Monday, August 23, 2010


Going to Bortell’s Fishery for fried perch last week brought back memories of my Mother’s perch dinners. In her youth, Mom was a concert pianist. She trained at Northwestern University and the University of Chicago under the famous violinist, Fritz Kreisler. The first radio station that opened in the Grand Rapids area went on the air with Mom playing a piece she had composed. When she married, like so many other women of her time, she gave up her career; but the passion she put into her music wasn't lost. With the same intensity that she played piano concerts, she fried fish. My Dad loved fish so my Mom would take the perch my Grandpa and others in the family caught and pan-fry them to perfection.

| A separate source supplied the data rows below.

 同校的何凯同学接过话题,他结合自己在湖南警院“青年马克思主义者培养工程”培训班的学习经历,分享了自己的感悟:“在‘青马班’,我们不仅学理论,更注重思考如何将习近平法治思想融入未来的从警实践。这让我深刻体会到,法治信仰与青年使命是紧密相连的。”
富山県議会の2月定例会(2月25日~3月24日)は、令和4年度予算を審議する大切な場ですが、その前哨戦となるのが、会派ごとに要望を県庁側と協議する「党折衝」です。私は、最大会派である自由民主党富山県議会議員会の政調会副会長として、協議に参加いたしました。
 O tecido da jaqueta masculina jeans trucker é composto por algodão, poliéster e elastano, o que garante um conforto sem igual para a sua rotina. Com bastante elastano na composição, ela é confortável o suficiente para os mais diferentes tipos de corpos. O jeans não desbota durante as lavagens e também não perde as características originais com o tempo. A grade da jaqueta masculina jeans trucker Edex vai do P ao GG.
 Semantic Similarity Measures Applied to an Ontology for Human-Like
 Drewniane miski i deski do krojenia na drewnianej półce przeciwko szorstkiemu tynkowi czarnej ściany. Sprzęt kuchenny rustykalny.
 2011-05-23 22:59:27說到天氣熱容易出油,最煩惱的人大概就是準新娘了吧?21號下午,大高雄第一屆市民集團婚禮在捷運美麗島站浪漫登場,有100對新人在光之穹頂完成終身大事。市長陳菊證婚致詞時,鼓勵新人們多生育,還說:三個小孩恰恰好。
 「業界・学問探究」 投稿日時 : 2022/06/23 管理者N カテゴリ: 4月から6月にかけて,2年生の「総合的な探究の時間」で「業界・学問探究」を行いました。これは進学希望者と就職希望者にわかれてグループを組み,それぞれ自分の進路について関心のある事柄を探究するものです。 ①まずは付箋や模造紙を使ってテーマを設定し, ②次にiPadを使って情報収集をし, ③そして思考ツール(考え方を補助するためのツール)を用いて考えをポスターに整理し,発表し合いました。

My Mom at the beginning of her career as a concert pianist.

I recently read in the paper that the fishing limit for perch out of Lake Michigan in Wisconsin was five a day. Back when I was young, in the dark ages, I don’t even think there was a limit. It was nothing for Grandpa to bring a pail of seventy-five fish home at a time. Although my Dad, brother and I fished, my Grandpa was the one who use to catch pails of perch off the pier in Grand Haven. After he retired he fished every day weather permitting. An old fisherman taught him the trick of skinning the whole fish so he did not have the messy, horrendous job of scaling all those fish. He had a special table in the back yard just for cleaning fish. The top of the table had a hole in the middle. On a shelf under the hole, he put a bucket so he could just scrap the guts and skin into the hole in the table so when he was finished the refuse was all the bucket.

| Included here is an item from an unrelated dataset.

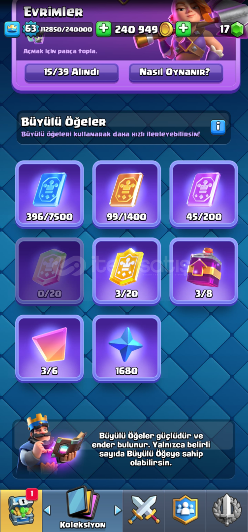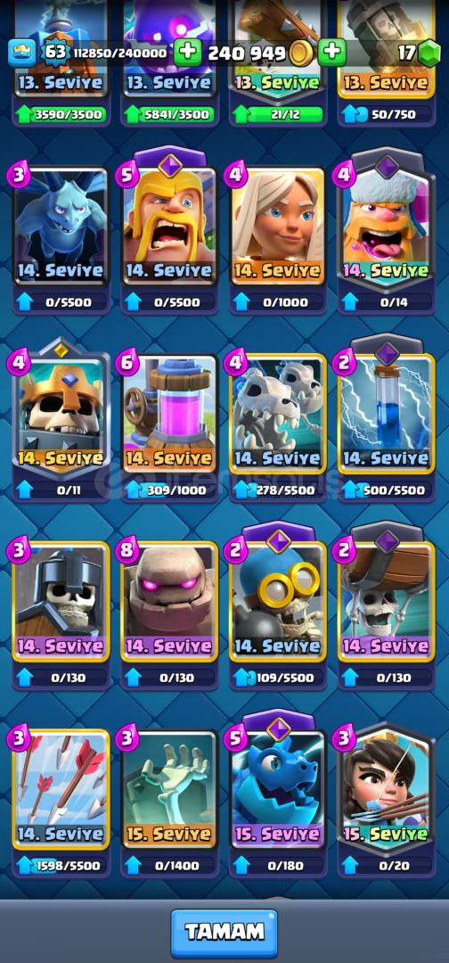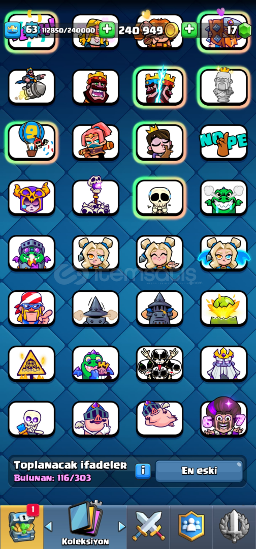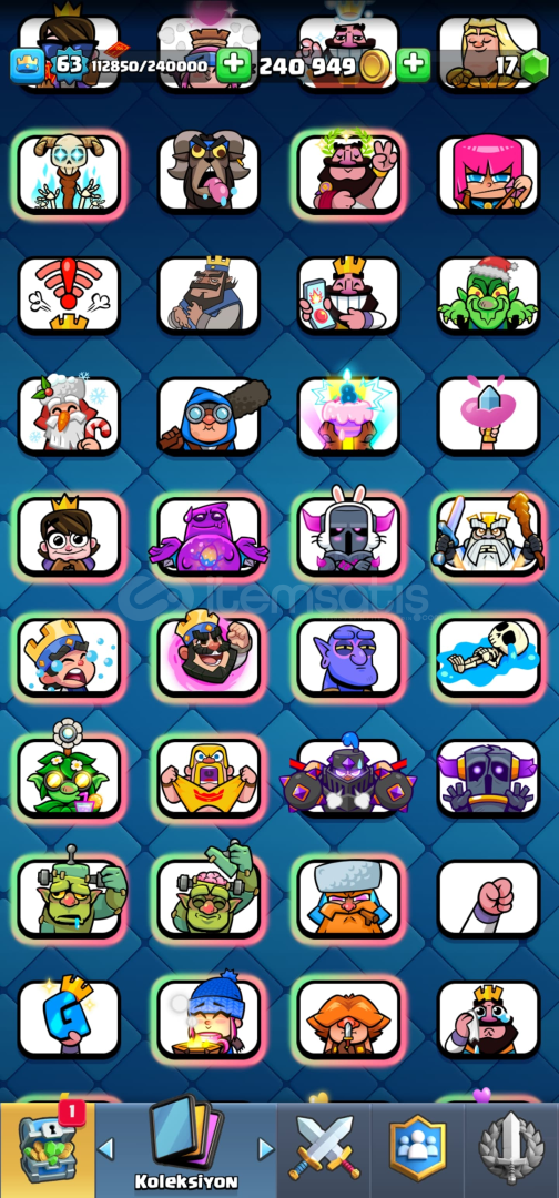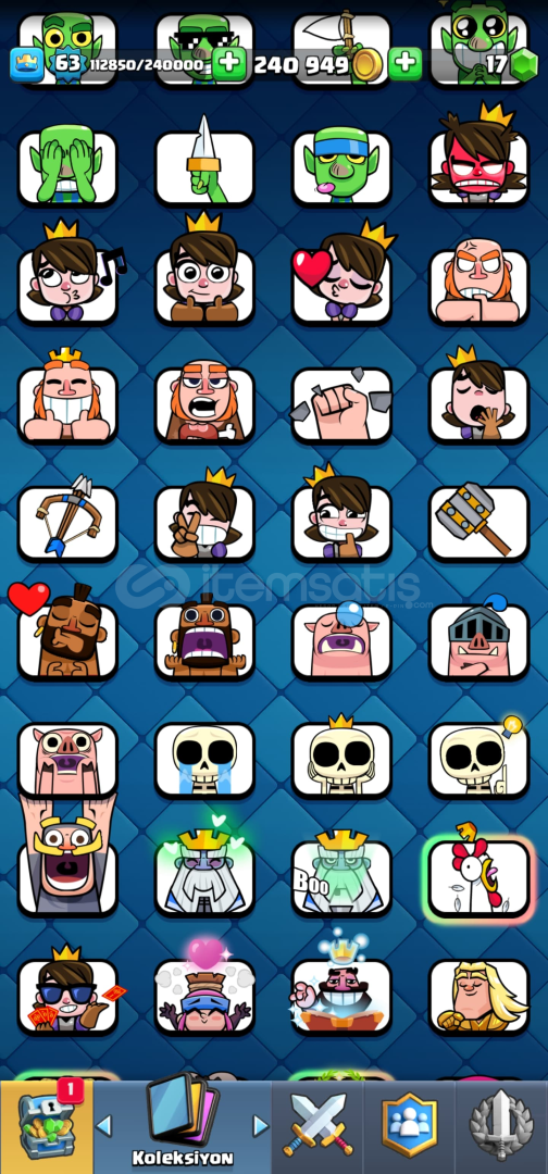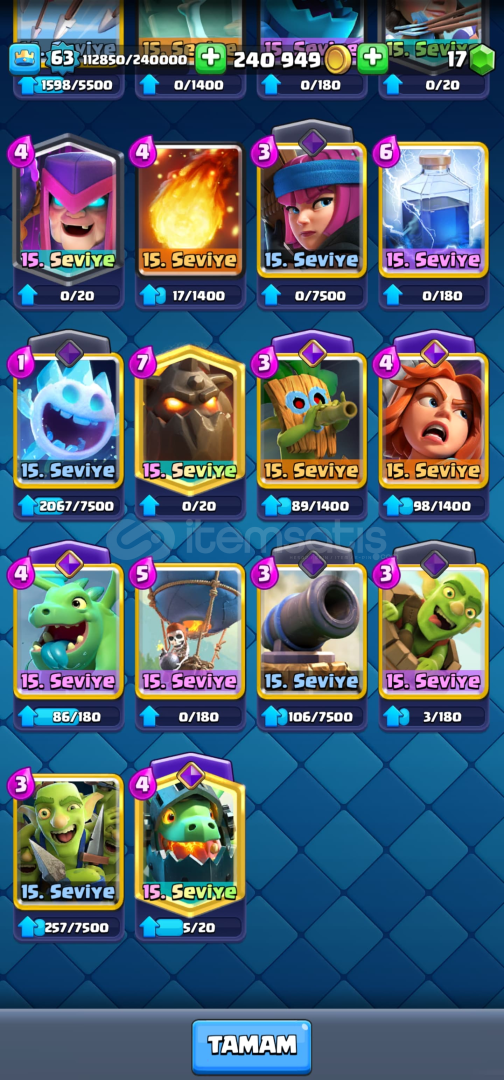 Özetle Görsellerden Bilginebilirsiniz.Kısa Bir Özetle:⛔ 63 SVY🌟 2 ADET 16 LVL KART ⚡ 23 ADET 15 LVL KART💢 15 EVRİM AÇIK VAZİYETTE 💥 116 EMOJİ 🚫 4/5 KERE NİHAİ ŞAMPİYON OLUNMUŞ⚠️ Ciddi Alıcıysanız ve Sorunuz Varsa SMS Gönderiniz Aksi Takdirde Aktiflik Sağlanmayacağından Sorunuz Yanıtlanamaz.

My Brother counting fish on Grandpa's fishing table.  When he starts to clean them ,he will put the bucket on the bottom shelve under the hole in the top shelve.

My Mother would fry up great mounds of fish for dinner. She rolled them in flour and pan-fried them in butter. They were absolutely wonderful. I've never been able to do them as well, probably because I have never invested as much time and love as Mom did when she fried fish for her family. One night, Mom had big platters of perch and ready for dinner. A paper plate on the stove caught fire. Mom and Dad lived in an age when it was believed that there was a division of labor between what men did and what women did. Women didn’t put out fires. So Mom started yelling for my Dad. She was not concerned about the kitchen or the cottage. She just kept yelling, "Harry, my fish! Harry, my fish!" “Harry, my fish!!!!”

Dad always came to everyone's recuse.

Lake perch were frequently on our menu and Mom froze them in ice cubes trays in water so that we had them in the winter too.  When the St. Lawrence Seaway opened the Great Lakes were changed forever by ocean fish and eels that invaded the Lakes.  Perch fishing has never been the same.  Here are some pictures of the "OLD DAYS" when the perch were plentiful and there for the taking.

Fisherman and women lining the South pier fishing for perch.  One had to get to the pier early to get a space to fish.

My Brother teaching me to fish when I was four years old.  Fishing was serious business.

Every year my Dad (on the right) went on the Grand Rapids Chamber of Commerce Cruise of the Great Lakes on the cruise ships North American or South American.  Even while cruising they took time out to fish for perch.
My Grandpa wasn't comfortable around water as he never learned to swim; however, he would go out in a boat or out on the piers because his love for fishing over-came his fear of water.
Any time I go somewhere and enjoy the food, I have to figure out how I could duplicate the food at home.  I don't enjoy the mess of frying but Tom said he'd do the frying so we tried to duplicate the fish we had at Bortell's in Pentwater, MI.
Tom says this recipe is perfect.  I guess I can't do better than perfect.
Fillets of perch
Rice flour
Peanut oil or canola oil or a combination of the two.
Ingredients:  Peanut or canola oil, Lake perch fillets and rice flour.

Remove pin bones from the fillets with a needle nose pilers.  Dust the fillets on both sides with rice flour.  Let set while oil is heating.  Heat oil in a deep fryer or an electric frying pan to 365°.  Add a few fillets at a time and fry for about 6 minutes.  Remove from fryer.  Salt and drain the fillets.
Cut the fish fillets apart if still connected.

Check for pin-bones.

Remove any pin-bones with needle nose pilers.  This is not a food grade pilers, but the USDA wasn't around and it was the only one I had.

Dust each side of fillet with rice flour and let set while fryer is heating up.

Fry fillets at 365° for approximately 6 minutes.  Remove from fryer, salt immediately and drain.

Fillets draining.

Serve fried Lake Perch with Wanda's Lake Superior Tartar Sauce, Michigan Cottage Cook Post 7/30/10.  Enjoy!!!!!!!!!!!!!!